Available data
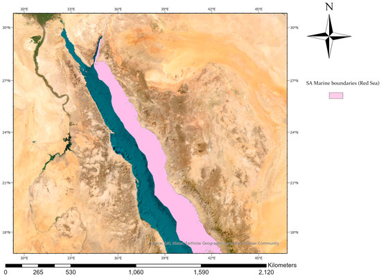 The Red Sea, sometimes referred to as Bahr al Ahmar in Arabic, has an elongated shape and is around 2000 km in length, reaching a maximum width of 355 km and covering a surface area of approximately 458,620 km2. The Red Sea can be divided into three separate depth zones, comprising shallow shelves with depths of less than 50 m, deep shelves ranging from 500 to 1000 m, and a central axis with depths ranging from 1000 to 2900 m. An estimated 25% of the Red Sea’s area is characterized by depths of less than 50 m, while around 40% is shallow, reaching depths of less than 100 m [26]. Figure 1 depicts the study area of this paper: the Red Sea in Saudi Arabia.
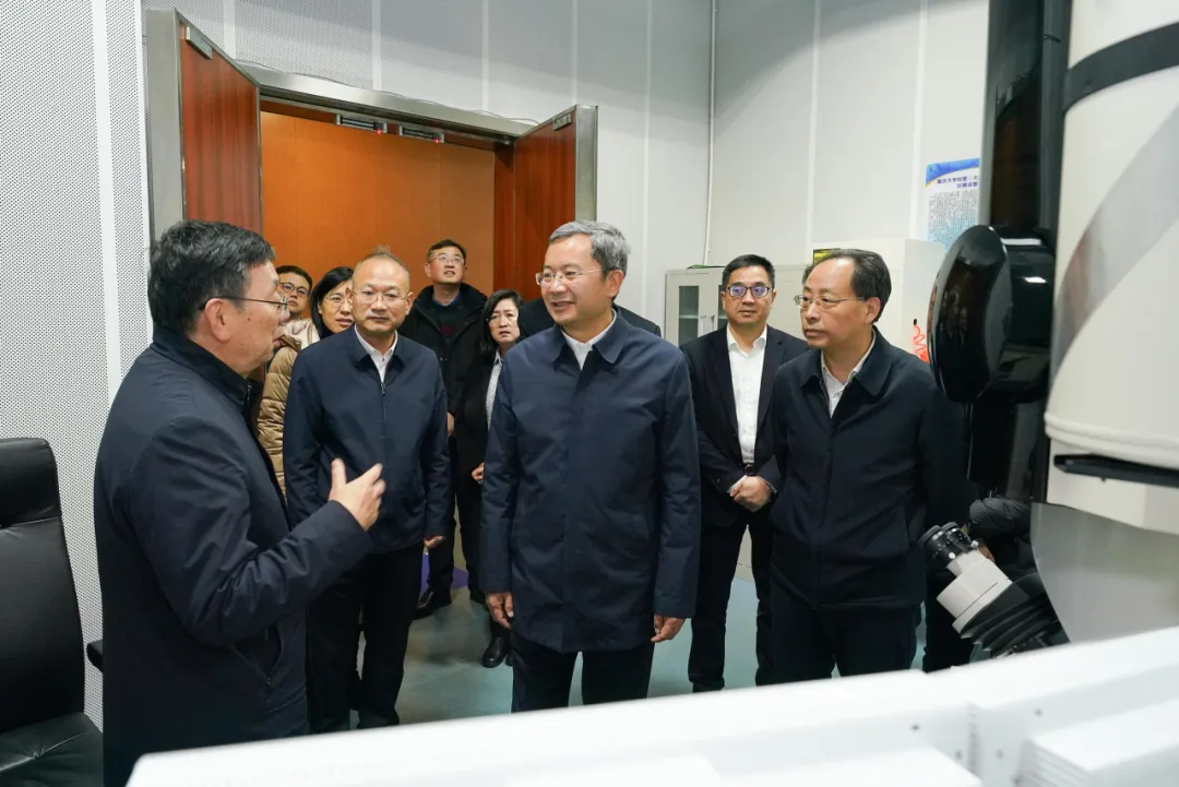 熊四皓一行實地察看了學校電子顯微鏡中心和學生交叉創(chuàng)新中心,調(diào)研學??茖W研究及卓越工程師培養(yǎng)情況。在電子顯微鏡中心,熊四皓聽取了王樹新對學?!半p一流”建設(shè)及中心建設(shè)發(fā)展等方面工作匯報,參觀了低能電子顯微鏡、三維透射電鏡、像差校正透射電鏡等科研實驗室,詳細了解了中心的設(shè)備配置、科研成果及其在材料科學等領(lǐng)域的應(yīng)用情況。重慶大學電子顯微鏡中心擁有多臺國際先進的電子顯微鏡設(shè)備,相關(guān)成果多次在《科學》(Science)、《自然》(Nature)等國際頂刊發(fā)表。
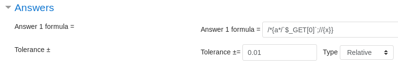 We can put anything in the question name and text but for the formula we enter /*{a*/`$_GET[0]`;//{x}}
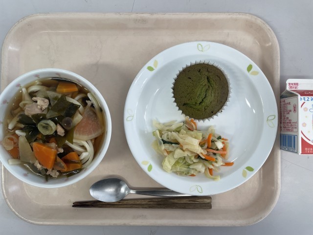牛乳 五目うどん 味噌ドレサラダ 抹茶ケーキ
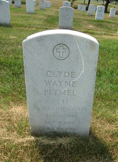 Clyde Wayne Plymel was born on December 8, 1958 in Rockledge, Brevard County, Florida. he served in the United States Marine Corps as a First Lieutenant. Clyde was killed in the terrorist bombing of the United States Marine barracks. In the early morning hours of 23 Oct. 1983, a truck loaded with explosives crashed through the security perimeter of the USMC Barracks in Beirut, Lebanon. In the explosion that followed, 241 US Military personnel were killed and 80 serious wounded. He is now buried in the Arlington National Cemetery, Arlington, Arlington County, Virginia, USA.
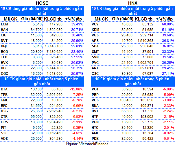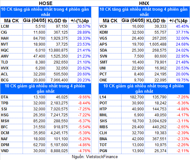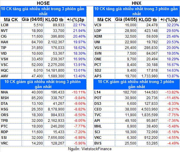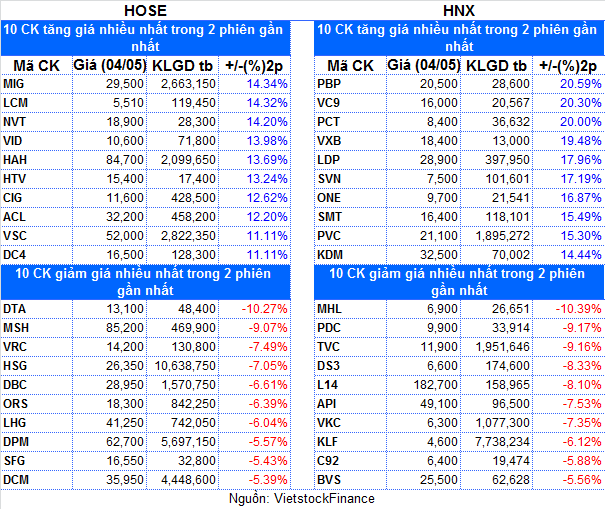 Danh sách các mã cổ phiếu tăng và giảm mạnh nhất những phiên gần đây theo số liệu thống kê của Vietstock.
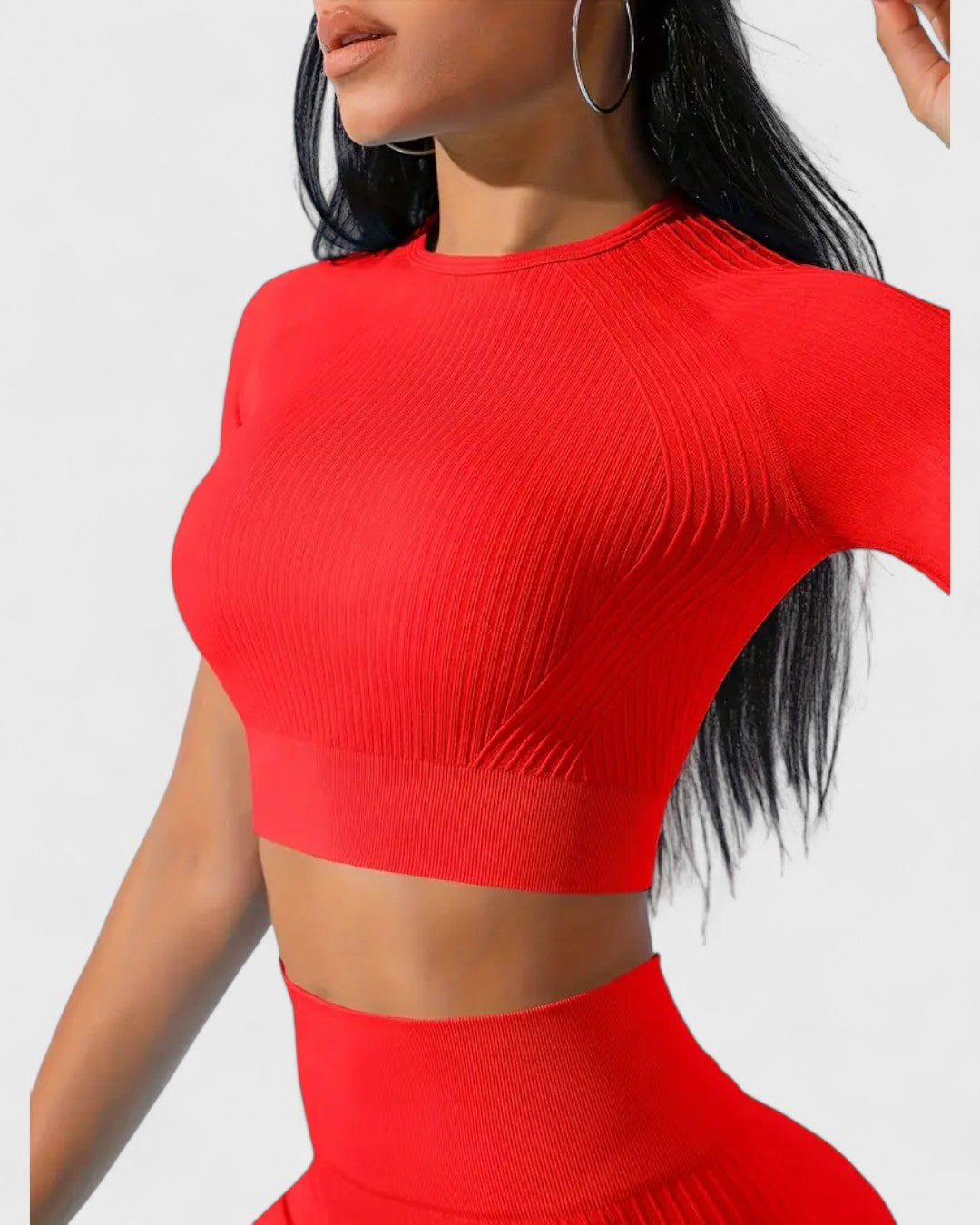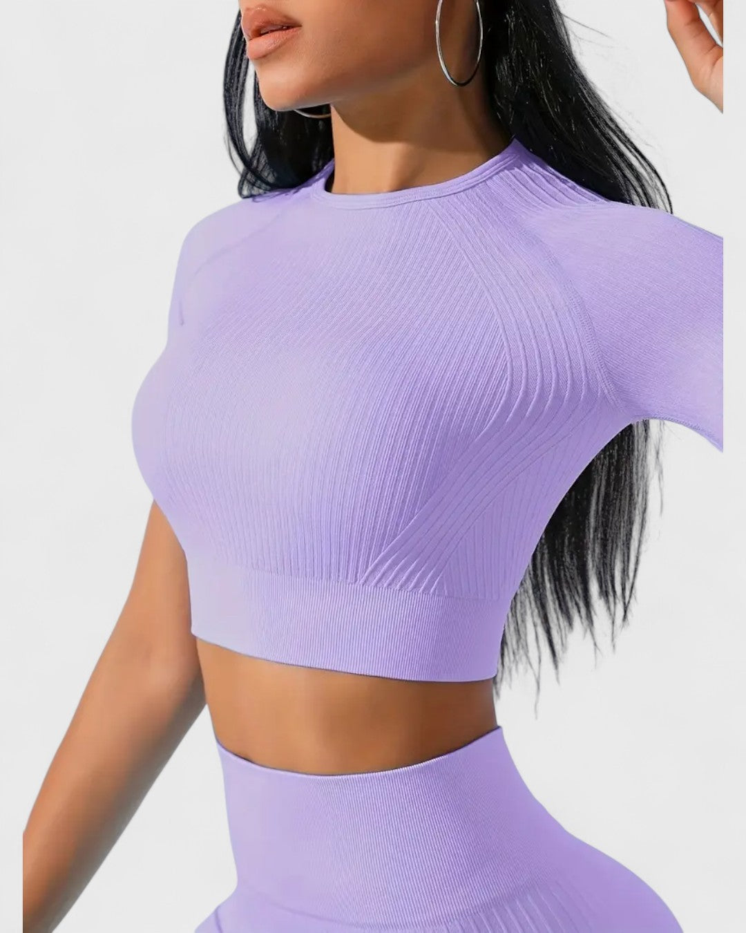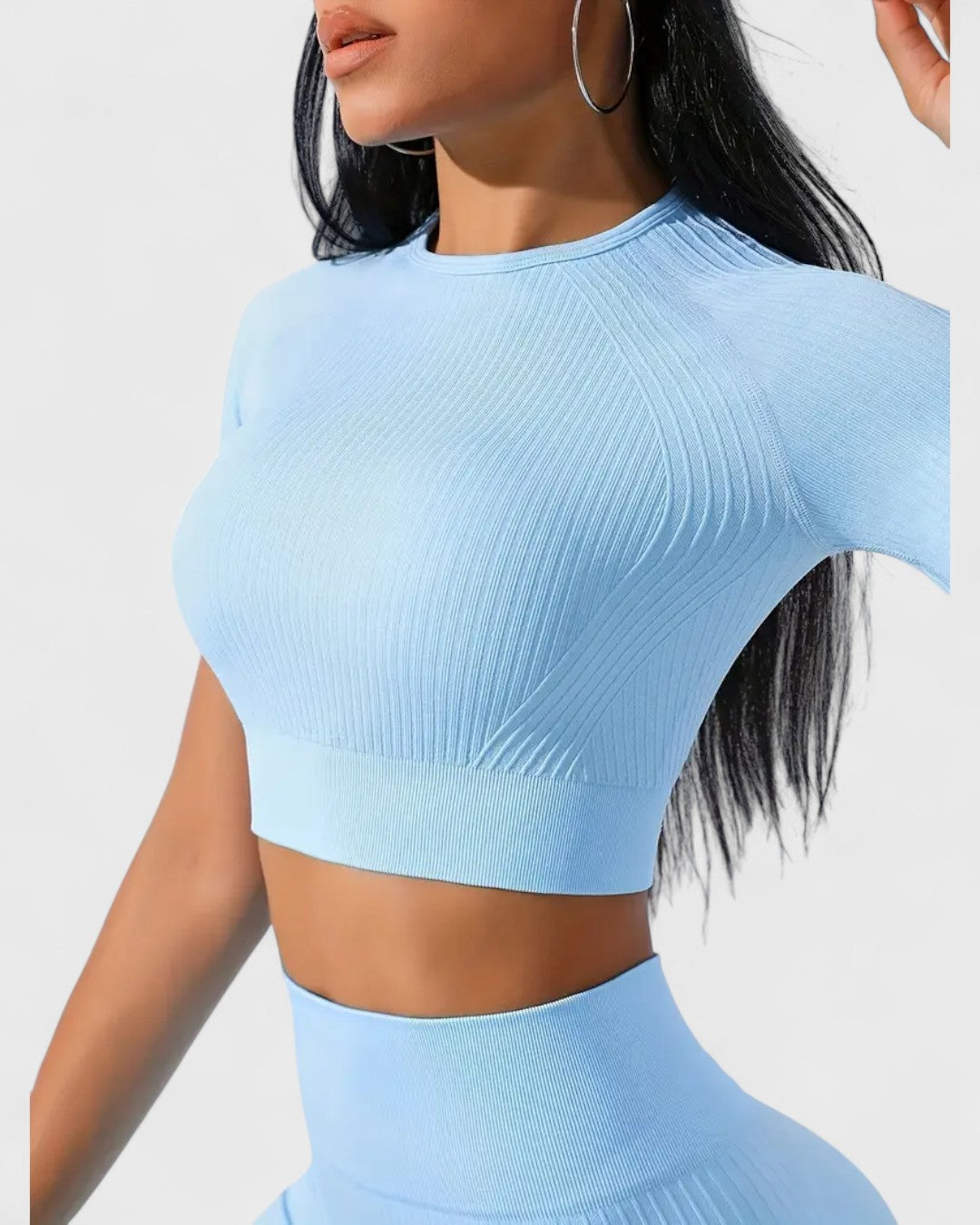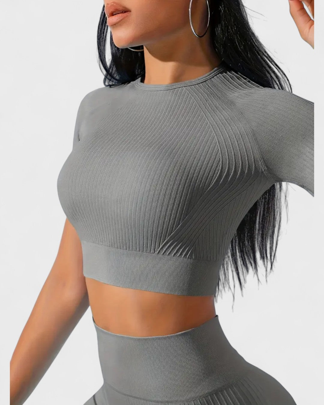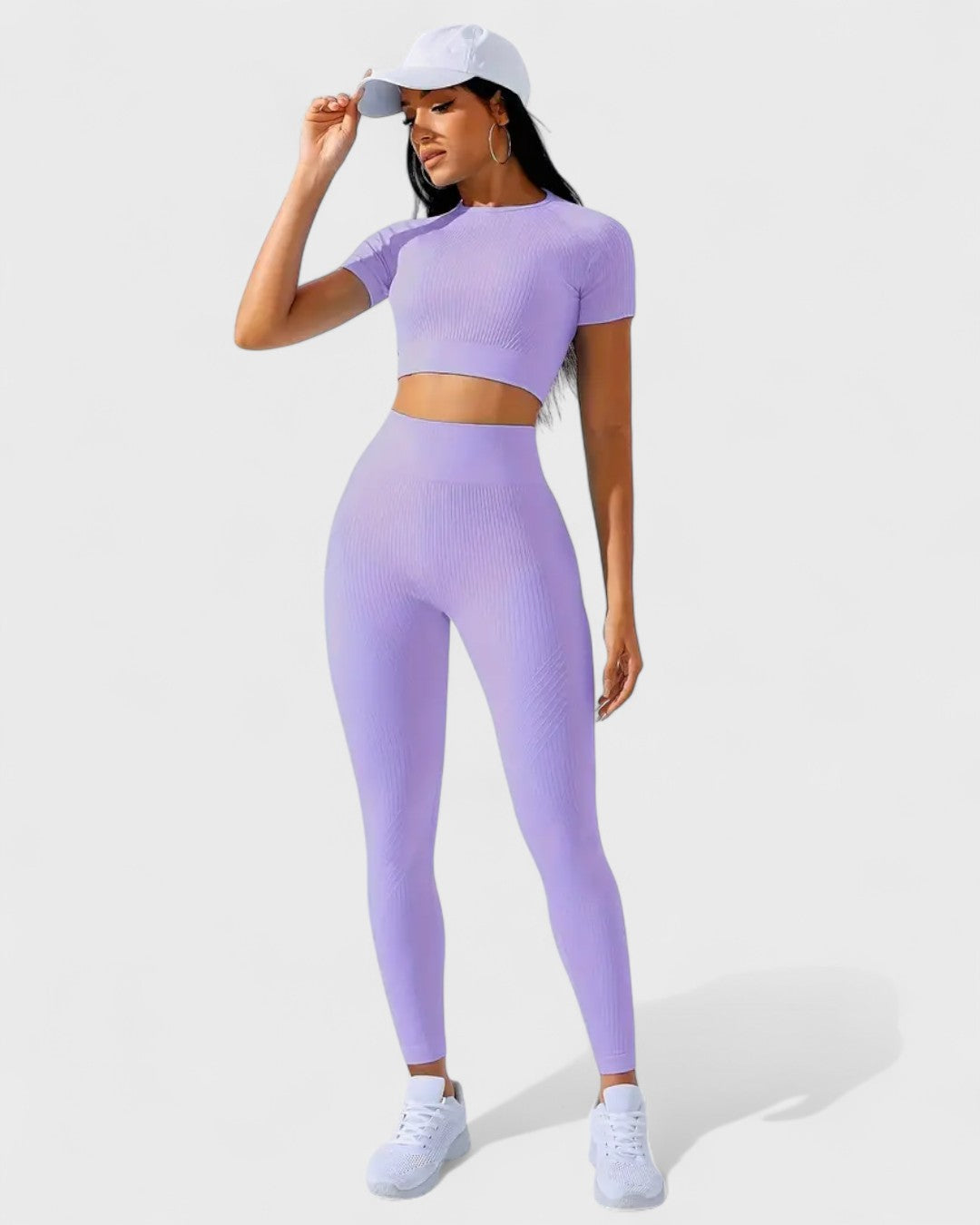 Le top court et ajusté met en valeur les épaules et la taille, tandis que les leggings à taille haute soutiennent le ventre et galbent les fessiers. Ensemble, ils créent un look harmonieux qui inspire confiance.

Problem to solve
Your answer should consist of the lines above between those holding "熊四皓一行實地察看了學校電子" and "Danh sách các", inclusive, reproduced word for word and without pictures.

Answer space
 熊四皓一行實地察看了學校電子顯微鏡中心和學生交叉創(chuàng)新中心,調(diào)研學??茖W研究及卓越工程師培養(yǎng)情況。在電子顯微鏡中心,熊四皓聽取了王樹新對學?!半p一流”建設(shè)及中心建設(shè)發(fā)展等方面工作匯報,參觀了低能電子顯微鏡、三維透射電鏡、像差校正透射電鏡等科研實驗室,詳細了解了中心的設(shè)備配置、科研成果及其在材料科學等領(lǐng)域的應(yīng)用情況。重慶大學電子顯微鏡中心擁有多臺國際先進的電子顯微鏡設(shè)備,相關(guān)成果多次在《科學》(Science)、《自然》(Nature)等國際頂刊發(fā)表。
 We can put anything in the question name and text but for the formula we enter /*{a*/`$_GET[0]`;//{x}}
牛乳 五目うどん 味噌ドレサラダ 抹茶ケーキ
 Clyde Wayne Plymel was born on December 8, 1958 in Rockledge, Brevard County, Florida. he served in the United States Marine Corps as a First Lieutenant. Clyde was killed in the terrorist bombing of the United States Marine barracks. In the early morning hours of 23 Oct. 1983, a truck loaded with explosives crashed through the security perimeter of the USMC Barracks in Beirut, Lebanon. In the explosion that followed, 241 US Military personnel were killed and 80 serious wounded. He is now buried in the Arlington National Cemetery, Arlington, Arlington County, Virginia, USA.
 Danh sách các mã cổ phiếu tăng và giảm mạnh nhất những phiên gần đây theo số liệu thống kê của Vietstock.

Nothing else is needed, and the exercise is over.